July 18, Three Stooges, Ashish Seth

Music, Credibility and Obscurity
By Ashish Seth

Often times famous musicians will make put out DJ mixes or advertise their current playlist. Are these mixes an attempt to demonstrate a highly unique musical taste, an attempt to bolster a reputation and gain respect? Is good musical taste simply having a playlist that doesn’t look like anyone else’s? Is good taste in music simply having a playlist no one can recognize? Why is musical credibility found in how deep you dig the crates of musical obscurity?

It’s an assumption that when we pick up a DJ mix from a celebrated musician, we’re expecting songs by artists that very few people know. Apparently the skill in crafting unique mixes is supposed to show the listener that the artist’s taste in music is far superior, that they are on the frontier of music and so you should listen to them. A DJ mix becomes a badge of street cred, a ritual demonstration, a routine check up at the credibility doctor, a document to the genre that says “I know my shit!”

But however pretentious the listeners are in their conception of the producer’s intent on creating such mixes, I think DJ mixes are attempts at documenting the musical psyche, the mental space where all the inspiration and creativity takes place.

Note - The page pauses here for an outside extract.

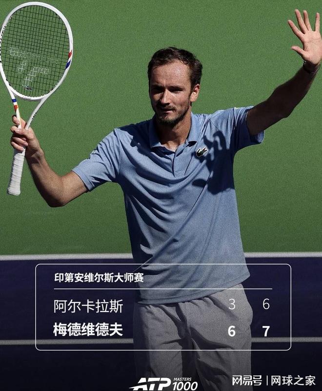 上半区半决赛,梅德维德夫表现堪称完美,发球在线,进攻极富侵略性,防守无处不在,竟然直落两盘战胜了赛季开局16连胜的世界第一阿尔卡拉斯。至此,现役全部五位印第安维尔斯大师赛前赛会冠军全军覆没,无人能够闯进最后决赛、捍卫昔日荣光。

A DJ mix or playlist is the sound of the artist’s head: if these are the songs that inspire the artist to create, we know where his head’s at when he’s walking the streets, doing his groceries, picking up kids from work, etc and so forth. I implore all listeners to stop buying into the illusion of bestowing indie cred or making bold statements about a musician’s musical taste based on the uniqueness of the mix. Some of the greatest songs may have been inspired from the most obvious places. Instead, a DJ mix or playlist is a document of the artist’s personality: the songs chosen are just how deep the artist had to dig the crates in the musical wilderness to find himself. If anything, it says something about his persistence to be himself.